More reliable mean() / variance() for dist_default
mjskay opened this issue · 2 comments
Currently for distributions without an implementation of mean()
, mean.dist_default()
takes the mean of 1000 draws from the distribution:
Lines 78 to 80 in 40830ed
Naturally this causes some sampling error:
> mean(dist_wrap("lnorm", 0, 1))
[1] 1.76567
> mean(dist_wrap("lnorm", 0, 1))
[1] 1.587978
> mean(dist_wrap("lnorm", 0, 1))
[1] 1.646674
> mean(dist_wrap("lnorm", 0, 1))
[1] 1.706244
I feel like there should be a less noisy alternative.
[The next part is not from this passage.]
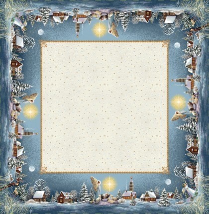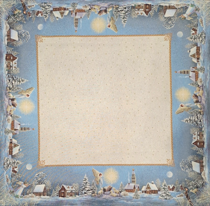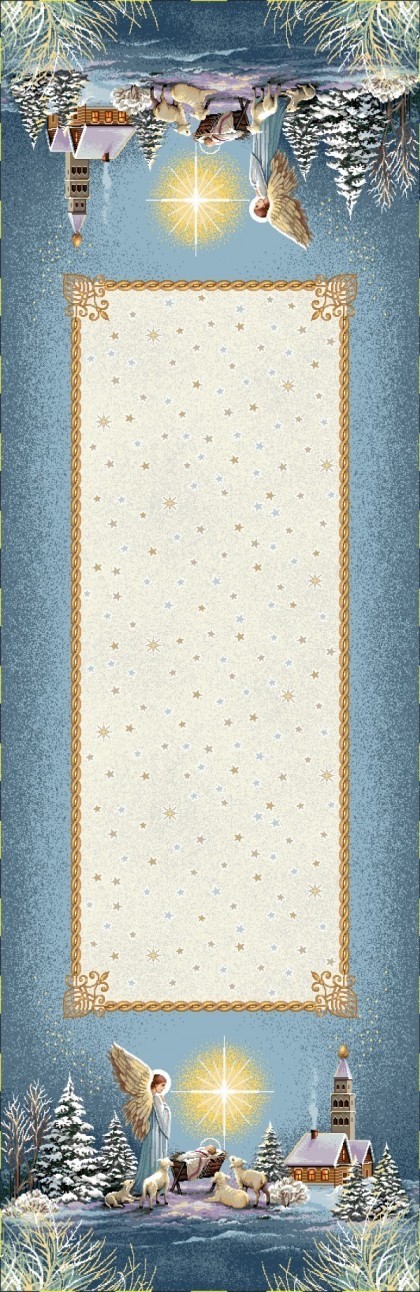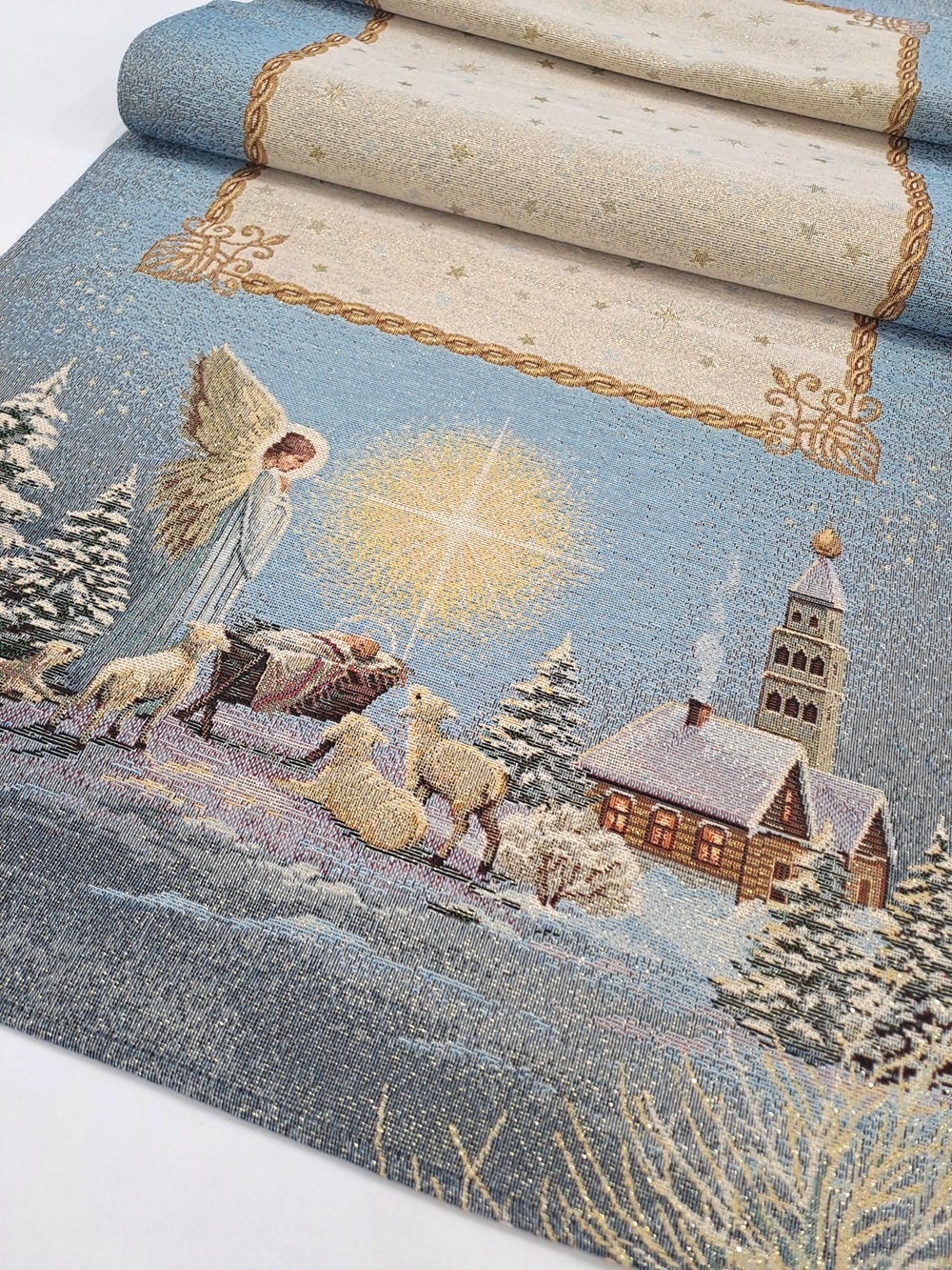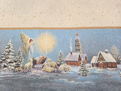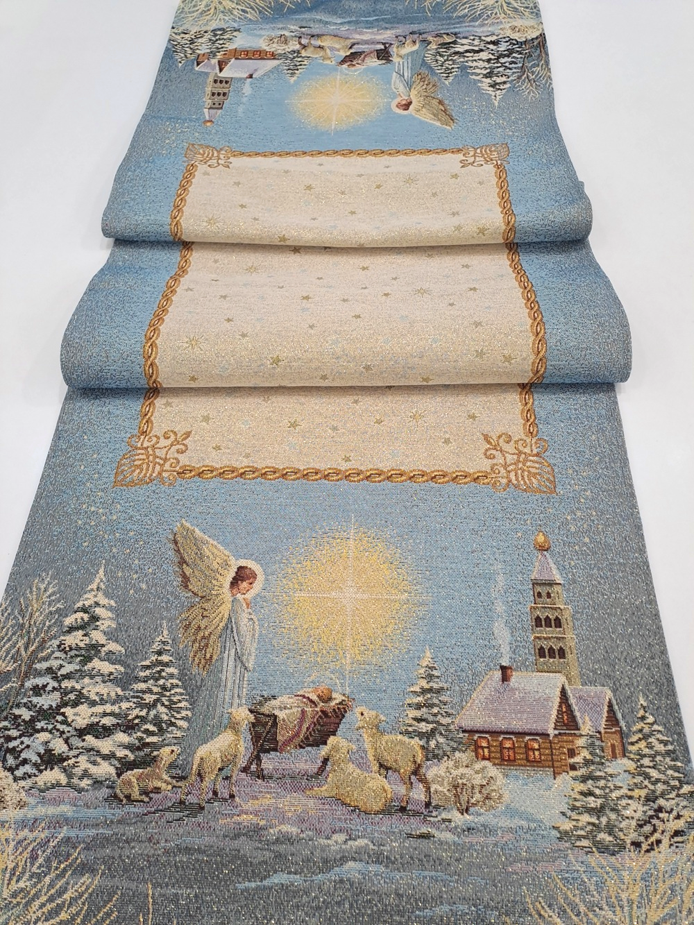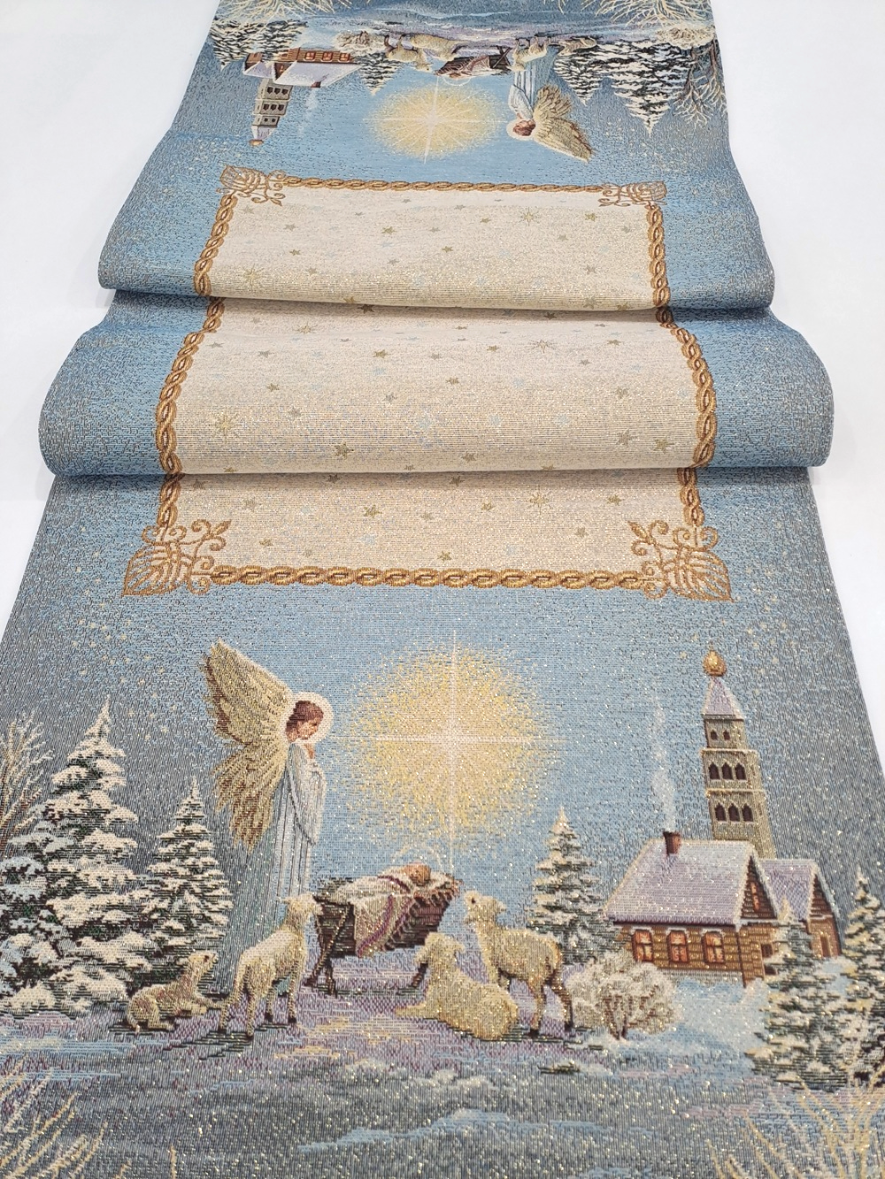 Este o față de masă goblen cu Nașterea Domnului în chenar albastru.

One such might be to take the mean of a large number of quantiles, a sort of quasi-monte carlo approach:
mean.dist_default <- function(x, ...){
mean(quantile(x, stats::ppoints(1000)), na.rm = TRUE)
}
This yields decent results on a sanity check:
> mean(dist_wrap("lnorm", 0, 1))
[1] 1.645156 # should be exp(0.5)
> exp(0.5)
[1] 1.648721
The approximation might also be improved by using integrate()
on continuous distributions, though I'm not sure how reliable this would be across arbitrary distributions:
mean.dist_default <- function(x, ...){
if (is.double(support(x)[[1]])) {
limits = quantile(x, c(0, 1))
tryCatch(
integrate(function(y) density(x, y) * y, limits[1], limits[2])$value,
error = function(e) NA_real_
)
} else {
mean(quantile(x, stats::ppoints(1000)), na.rm = TRUE)
}
}
Yeilding a result quite close to the correct result:
> mean(dist_wrap("lnorm", 0, 1))
[1] 1.648721
And something similar could probably also be used to improve the calculations in variance.dist_default()
.
Added, thanks!
Lovely, thank you!